On retrouvait ainsi la dichotomie de la finesse et de la brutalité, le yin et le yang de la personnalité de l'assassine dont les yeux changeaient de couleur selon leur caractère. En ce moment, d'ailleurs, un des yeux de Pinheht était d'une noirceur profonde, reflétant l'avenir, les objectifs de la gamine qui voulait répandre la mort comme une peste bubonique qui ravagerait ceux qui ne méritaient pas de vivre. L'autre était blanc avec des reflets jaunâtres, exprimant l'envie, la pureté, l'ambition, et l'amour porté à la guilde que la gamine espérait rejoindre, si Israa et ses compagnons le lui permettaient.

Maintenant que le dessin était fini en apparence, il fallait quand même rajouter quelque chose, un détail qu'il ne fallait pas oublier pour donner à cette griffe toute son ampleur, amplement méritée.
Sortant délicatement de son cabas la fiole de sang récupéré des blessures de Naash Ubah. Ensuite, un bocal assez fin contenant du sable du désert de Salith.
S'agenouillant pour effectuer sa préparation : Elle déposa sur le dos de la lame de sa dague une poignée de sable, sur laquelle elle versa le contenu de la fiole. Mélangeant le tout, on obtenait une sorte de boue sèche et collante.
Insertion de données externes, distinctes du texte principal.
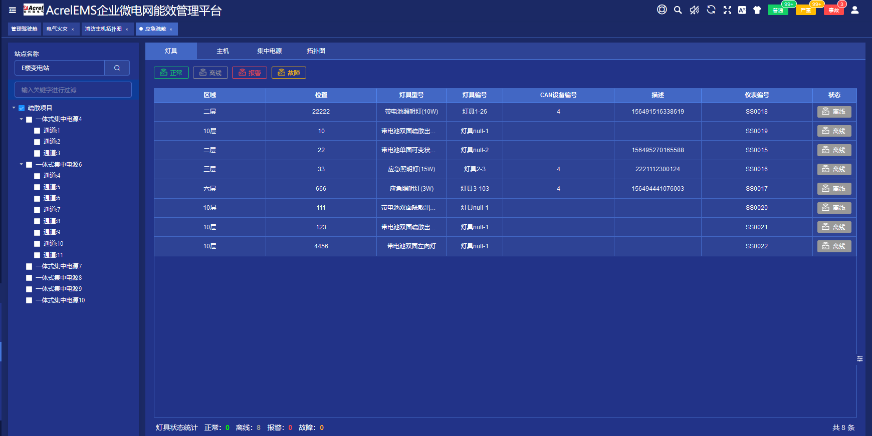消防應(yīng)急標(biāo)志燈具的主要作用是為人員疏散指引方向,消防應(yīng)急照明燈具的主要作用是為人員疏散逃生提供照明,軟件可實(shí)時(shí)顯示現(xiàn)場燈具的狀態(tài)信息。

Chao Hu récupéra la mixture aux teintes pourpres pour la déposer dans tous les interstices qu'elle venait d'effectuer sur le mur. On obtenait ainsi un œil rouge, et un couleur beige. Le cœur de la gamine battait la chamade. Elle tenait devant elle son œuvre, plutôt réussie, qui n'avait plus qu'à faire connaître son existence à son commanditaire.

Elle hésita à envoyer une lettre à ce propos, pour faire savoir qu'elle avait réussi. Mais après mure réflexion, elle haussa les épaules en se disant qu'il ne faudrait pas plus d'une heure pour que la Main Noire soit au courant. Un corbeau passait déjà dans le ciel, annonçant implicitement que la nouvelle passerait très très vite.

Quand elle repartit rejoindre Albinos, son épouvantable compagnon épouvantail, elle sentit dans son dos sa griffe qui l'observait.
Peut être qu'elle avait donné vie à cette signature, avec le sang de sa victime.

Elle n'avait plus qu'à attendre qu'on lui fasse signe.